If we assume that two vertices of the triangle lie on the $x$-axis (which can be obtained by rotation and translation) then the vertices are $(0,0)$, $(x_1,0)$ and $(x_2,y_2)$. Let us try to find the equations of the altitudes.
The first one is easy $x=x_2 \qquad (1).$
What about second one? We want to find a line with normal vector $(x_2-x_1,y_2)$ which goes trough the point $(0,0)$. (We know the normal vector since the line has to be to perpendicular on the segment connecting the points $(x_1,0)$ and $(x_2,y_2)$.) Using standard form of the equation of line we get $(x_2-x_1)x+y_2y=0 \qquad (2).$
The third of them: We are looking for a line with normal vector $(x_2,y_2)$ which goes through the point $(x_1,0)$. This gives the equation $x_2x+y_2y=x_2x_1 \qquad (3).$
The only one thing is missing - to show that the system of linear equations (1), (2) and (3) has a solution.
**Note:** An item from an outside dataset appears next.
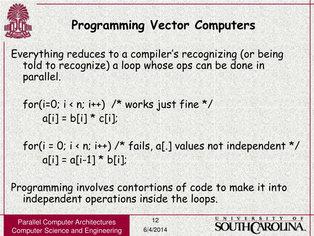 Programming Vector Computers Everything reduces to a compiler’s recognizing (or being told to recognize) a loop whose ops can be done in parallel. for(i=0; i < n; i++) /* works just fine */ a[i] = b[i] * c[i]; for(i = 0; i < n; i++) /* fails, a[.] values not independent */ a[i] = a[i-1] * b[i]; Programming involves contortions of code to make it into independent operations inside the loops. Parallel Computer Architectures Computer Science and Engineering

I think that the solution would not be much more complicated even without the assumption that $y_1=0$ (i.e. without using the rotation). But I would say that moving one of the vertices to $(0,0)$ simplifies things a little. (EDIT: But I agree with Srivatsan's comment that working out the details of the actual computation could be messy.)